‘I am doubling the housing budget’ said the Chancellor. But what he failed to add was that we’ll have to wait three years to see the extra money. In fact, more than a third of the extra won’t arrive until the next parliament. In the meantime, affordable housing investment will stay at just under £1 billion per year. As John Healey points out, in current prices this is barely 30% of what Labour was investing annually in housing. Even if it reaches £2.4 billion in 2020/21, this will only be a bit more than three-quarters of what Labour was spending before May 2010, calculated at current prices.
Despite this, Osborne claims to have created ‘the biggest house building programme by any government since the 1970s’. ‘We are the builders’ he says. Housing starts are at ‘a seven year high’. But this isn’t true. The DCLG’s own house building figures show 137,490 starts in the last twelve months, slightly under the previous year’s figure and a cool 46,000 lower than starts under Labour in 2007, before the recession hit. Only a fantasist could claim that completing only 135,000 houses in the last year is a roaring success, when we know we need to build at least 100,000 more homes than that.
But I suppose we should be grateful that spending is going up not down. However, it’s only doing so because Osborne is taking a huge gamble by shifting investment to starter homes and shared ownership, away from social rented housing and even from new build at ‘Affordable Rents’. The price is a high one. £2.3 billion of the new funding will go to fund ‘up to 60,000’ starter homes, suggesting a cost in grant of £38,000 each. This is about £14,000 more than the current cost of building a home that is let at Affordable Rent. With an inevitable proviso about right to buy, putting money into rented homes provided through social landlords is at least a semi-permanent investment that benefits a succession of families. Starter Homes can, however, be sold off after five years with the seller pocketing the full value, including the 20% discount. The grant money simply disappears into rising house prices. KPMG had a neat summary when they said that the scheme will, for everyone except the buyers, be ‘purely inflationary’:
‘It also will not create the amount supply the Government says it will, because it will in part cannibalise housing that would have otherwise been built, particularly social housing and rental stock. Such a populist strategy may work for the Government itself, but could cause more issues within the market during the next parliament.’
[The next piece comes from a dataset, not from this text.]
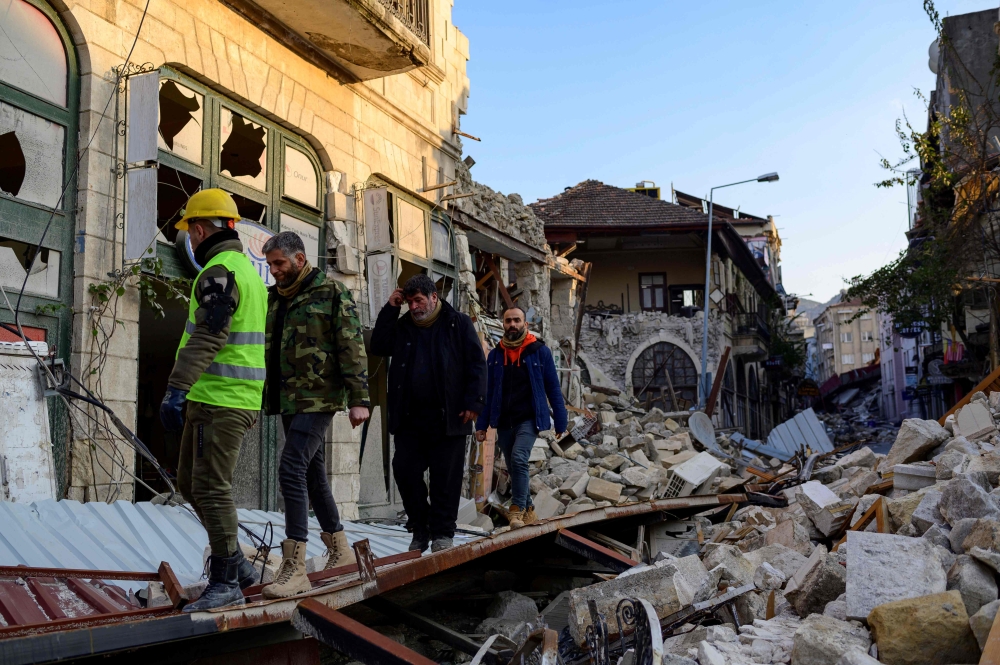 People walk among the rubble of the historic southern city of Antakya on February 12, 2023, after a 7.8 magnitude earthquake struck the border region of Turkey and Syria earlier in the week. (Photo by Yasin AKGUL / AFP)

Delivering 400,000 starter homes sounds a lot, but not when it’s spread over several years and is at the expense of social housing and of conventional new build (since there is nothing to stop builders swapping starter homes for normal ones in order to claim the grant or get out of planning obligations).
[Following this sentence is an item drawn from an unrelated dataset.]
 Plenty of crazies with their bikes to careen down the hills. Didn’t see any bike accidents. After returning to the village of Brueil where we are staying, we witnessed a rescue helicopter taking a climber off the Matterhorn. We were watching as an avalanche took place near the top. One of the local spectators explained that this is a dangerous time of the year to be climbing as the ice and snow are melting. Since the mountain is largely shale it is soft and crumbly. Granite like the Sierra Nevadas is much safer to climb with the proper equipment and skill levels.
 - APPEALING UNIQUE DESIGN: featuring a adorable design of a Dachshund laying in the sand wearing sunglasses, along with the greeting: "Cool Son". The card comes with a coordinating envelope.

Boosting shared ownership to deliver 135,000 units represents another gamble, since at any one time there are only about 100,000 households who currently have a part-share in their property. So for many it’s an unknown quantity that they struggle to understand, it’s not attractive financially in many areas and it becomes a potential liability if you need to sell a home that is still part-rented.
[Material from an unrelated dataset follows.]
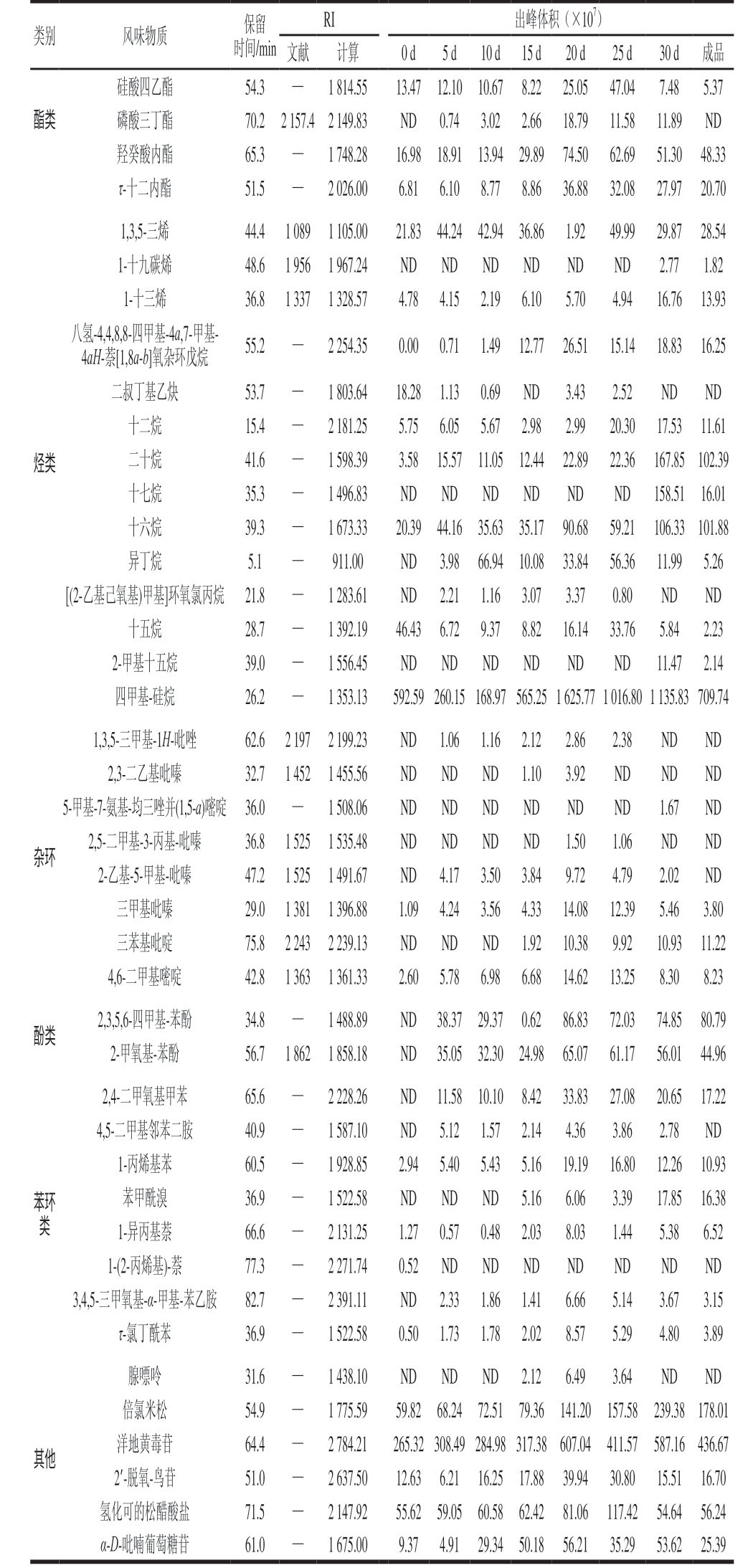 RI 出峰体积(×107)文献 计算 0 d 5 d 10 d 15 d 20 d 25 d 30 d 成品硅酸四乙酯 54.3 — 1 814.55 13.47 12.10 10.67 8.22 25.05 47.04 7.48 5.37酯类 磷酸三丁酯 70.2 2 157.4 2 149.83 ND 0.74 3.02 2.66 18.79 11.58 11.89 ND羟癸酸内酯 65.3 — 1 748.28 16.98 18.91 13.94 29.89 74.50 62.69 51.30 48.33 τ-十二内酯 51.5 — 2 026.00 6.81 6.10 8.77 8.86 36.88 32.08 27.97 20.70类别 风味物质 保留时间/min 1,3,5-三烯 44.4 1 089 1 105.00 21.83 44.24 42.94 36.86 1.92 49.99 29.87 28.54 1-十九碳烯 48.6 1 956 1 967.24 ND ND ND ND ND ND 2.77 1.82 1-十三烯 36.8 1 337 1 328.57 4.78 4.15 2.19 6.10 5.70 4.94 16.76 13.93八氢-4,4,8,8-四甲基-4a,7-甲基-4aH-萘[1,8a-b]氧杂环戊烷 55.2 — 2 254.35 0.00 0.71 1.49 12.77 26.51 15.14 18.83 16.25烃类二叔丁基乙炔 53.7 — 1 803.64 18.28 1.13 0.69 ND 3.43 2.52 ND ND十二烷 15.4 — 2 181.25 5.75 6.05 5.67 2.98 2.99 20.30 17.53 11.61二十烷 41.6 — 1 598.39 3.58 15.57 11.05 12.44 22.89 22.36 167.85 102.39十七烷 35.3 — 1 496.83 ND ND ND ND ND ND 158.51 16.01十六烷 39.3 — 1 673.33 20.39 44.16 35.63 35.17 90.68 59.21 106.33 101.88异丁烷 5.1 — 911.00 ND 3.98 66.94 10.08 33.84 56.36 11.99 5.26[(2-乙基己氧基)甲基]环氧氯丙烷 21.8 — 1 283.61 ND 2.21 1.16 3.07 3.37 0.80 ND ND十五烷 28.7 — 1 392.19 46.43 6.72 9.37 8.82 16.14 33.76 5.84 2.23 2-甲基十五烷 39.0 — 1 556.45 ND ND ND ND ND ND 11.47 2.14四甲基-硅烷 26.2 — 1 353.13 592.59 260.15 168.97 565.25 1 625.77 1 016.80 1 135.83 709.74杂环1,3,5-三甲基-1H-吡唑 62.6 2 197 2 199.23 ND 1.06 1.16 2.12 2.86 2.38 ND ND 2,3-二乙基吡嗪 32.7 1 452 1 455.56 ND ND ND 1.10 3.92 ND ND ND 5-甲基-7-氨基-均三唑并(1,5-a)嘧啶 36.0 — 1 508.06 ND ND ND ND ND ND 1.67 ND 2,5-二甲基-3-丙基-吡嗪 36.8 1 525 1 535.48 ND ND ND ND 1.50 1.06 ND ND 2-乙基-5-甲基-吡嗪 47.2 1 525 1 491.67 ND 4.17 3.50 3.84 9.72 4.79 2.02 ND三甲基吡嗪 29.0 1 381 1 396.88 1.09 4.24 3.56 4.33 14.08 12.39 5.46 3.80三苯基吡啶 75.8 2 243 2 239.13 ND ND ND 1.92 10.38 9.92 10.93 11.22 4,6-二甲基嘧啶 42.8 1 363 1 361.33 2.60 5.78 6.98 6.68 14.62 13.25 8.30 8.23酚类2,3,5,6-四甲基-苯酚 34.8 — 1 488.89 ND 38.37 29.37 0.62 86.83 72.03 74.85 80.79 2-甲氧基-苯酚 56.7 1 862 1 858.18 ND 35.05 32.30 24.98 65.07 61.17 56.01 44.96苯环类2,4-二甲氧基甲苯 65.6 — 2 228.26 ND 11.58 10.10 8.42 33.83 27.08 20.65 17.22 4,5-二甲基邻苯二胺 40.9 — 1 587.10 ND 5.12 1.57 2.14 4.36 3.86 2.78 ND 1-丙烯基苯 60.5 — 1 928.85 2.94 5.40 5.43 5.16 19.19 16.80 12.26 10.93苯甲酰溴 36.9 — 1 522.58 ND ND ND 5.16 6.06 3.39 17.85 16.38 1-异丙基萘 66.6 — 2 131.25 1.27 0.57 0.48 2.03 8.03 1.44 5.38 6.52 1-(2-丙烯基)-萘 77.3 — 2 271.74 0.52 ND ND ND ND ND ND ND 3,4,5-三甲氧基-α-甲基-苯乙胺 82.7 — 2 391.11 ND 2.33 1.86 1.41 6.66 5.14 3.67 3.15 τ-氯丁酰苯 36.9 — 1 522.58 0.50 1.73 1.78 2.02 8.57 5.29 4.80 3.89其他腺嘌呤 31.6 — 1 438.10 ND ND ND 2.12 6.49 3.64 ND ND倍氯米松 54.9 — 1 775.59 59.82 68.24 72.51 79.36 141.20 157.58 239.38 178.01洋地黄毒苷 64.4 — 2 784.21 265.32 308.49 284.98 317.38 607.04 411.57 587.16 436.67 2’-脱氧-鸟苷 51.0 — 2 637.50 12.63 6.21 16.25 17.88 39.94 30.80 15.51 16.70氢化可的松醋酸盐 71.5 — 2 147.92 55.62 59.05 60.58 62.42 81.06 117.42 54.64 56.24 α-D-吡喃葡萄糖苷 61.0 — 1 675.00 9.37 4.91 29.34 50.18 56.21 35.29 53.62 25.39

The ‘cannibalisation’ of social housing is evident from the OBR’s forecast of future investment by housing associations. At present, the OBR assumes all £0.96 billion spent in government grants goes to ‘social housing’ (as broadly defined by the Treasury), but forecasts that this will fall to only £130 million for each of the three years 2018/19-2020/21. Overall, housing associations’ investment plans (including capital repairs) are expected to fall to only a little more than half their current level by 2019/20, partly because of the planned cuts in social sector rents. These are potentially massive cuts, even if associations manage to partly compensate for them by getting a share of the action in promoting low cost home ownership.
The point is that with well over £30 billion already committed by this government and the coalition to stimulating the private market before this week’s announcements, they’ve only succeeded in getting developers to complete 23% more homes in the last 12 months than they built in the first year after Labour handed over power. ‘It’s time to do much more’ says the Chancellor. Well, at least we can agree with him on that.